╭─ Available data

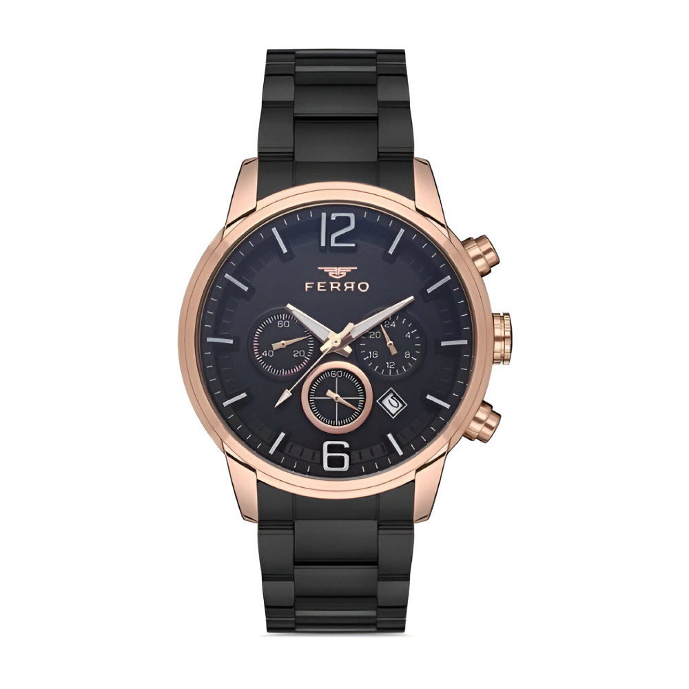 Ferro Siyah Çelik Kordon Erkek Kol Saati Tüm Fonksiyonlar Aktif 3 ATM Su Geçirmez TH-FM31916A-R
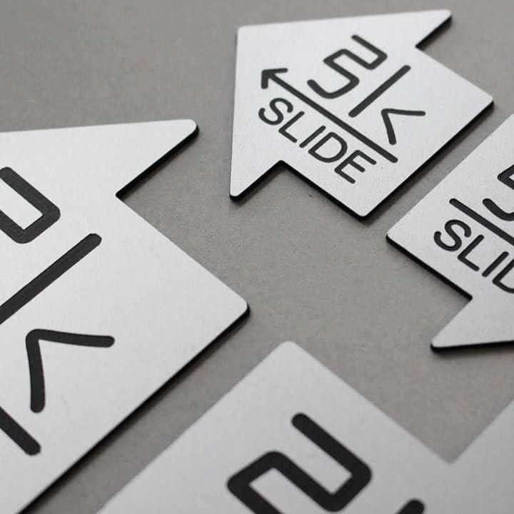 わかりやすい矢印のカタチの引き戸用サインプレートです。
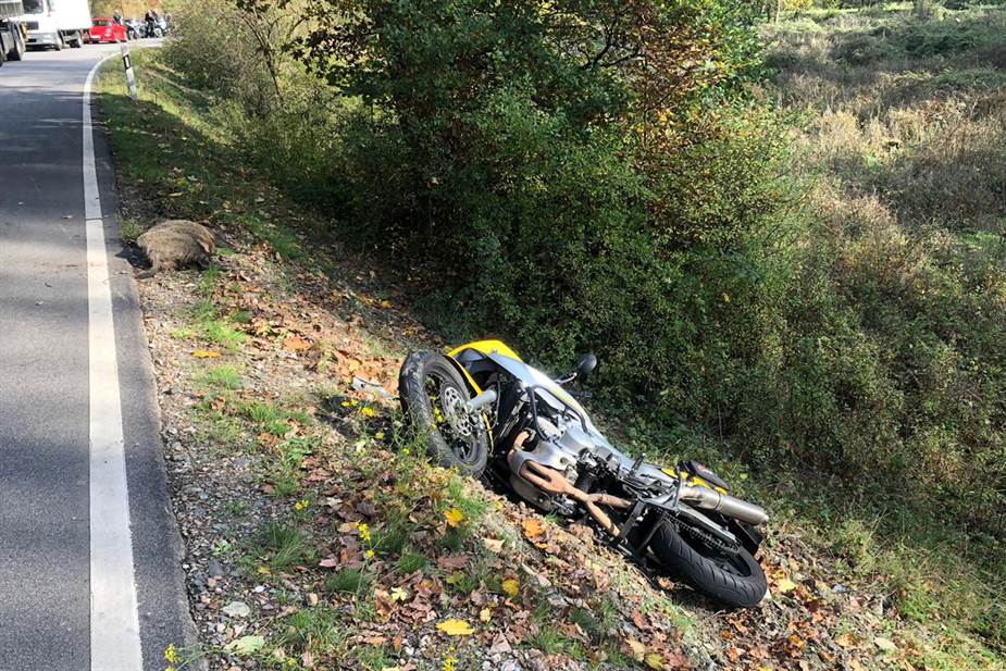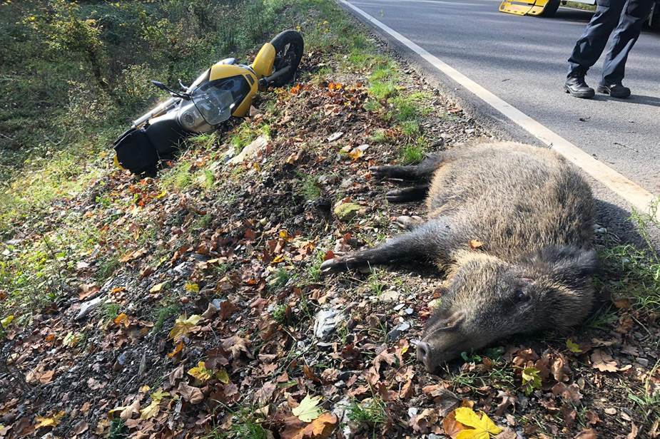 Es war zu einem Verkehrsunfall zwischen einem Motorrad und einem Wildschwein gekommen, das den Unfall nicht überlebte.
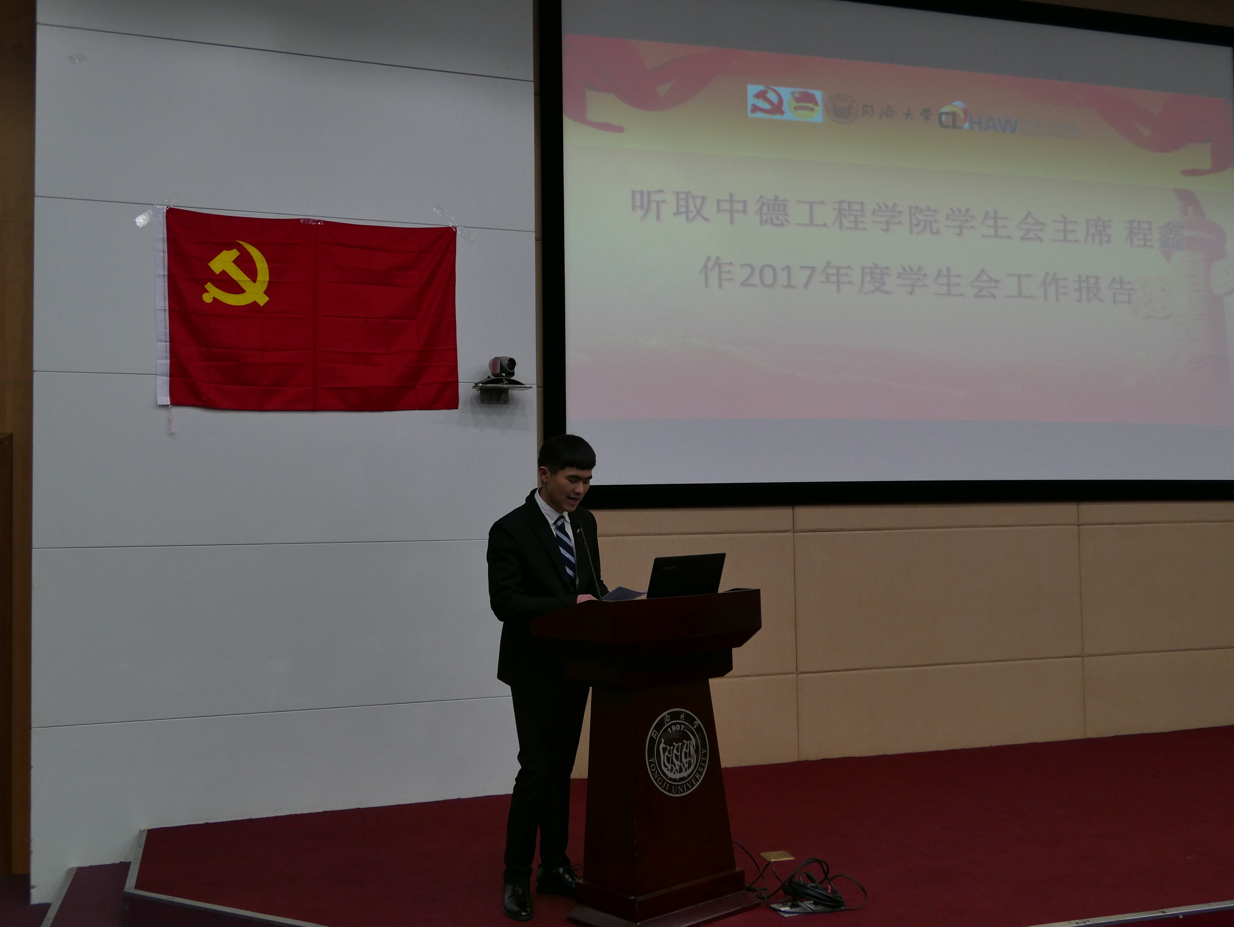 随后,代表们听取了学院学生会主席程鑫“争当怀梦中德人 勇做时代弄潮儿——同济大学中德工程学院学生会2017年度工作报告”,程鑫同学代表学院学生会向与会代表报告过去一年各部门的工作以及学院举办的各类大型活动,同时表达了对下一年工作的美好展望。

╰─

▶ Your goal
Leaving the pictures out, output the material exactly as it appears.

▶ Result of this exercise
 Ferro Siyah Çelik Kordon Erkek Kol Saati Tüm Fonksiyonlar Aktif 3 ATM Su Geçirmez TH-FM31916A-R
 わかりやすい矢印のカタチの引き戸用サインプレートです。
 Es war zu einem Verkehrsunfall zwischen einem Motorrad und einem Wildschwein gekommen, das den Unfall nicht überlebte.
 随后,代表们听取了学院学生会主席程鑫“争当怀梦中德人 勇做时代弄潮儿——同济大学中德工程学院学生会2017年度工作报告”,程鑫同学代表学院学生会向与会代表报告过去一年各部门的工作以及学院举办的各类大型活动,同时表达了对下一年工作的美好展望。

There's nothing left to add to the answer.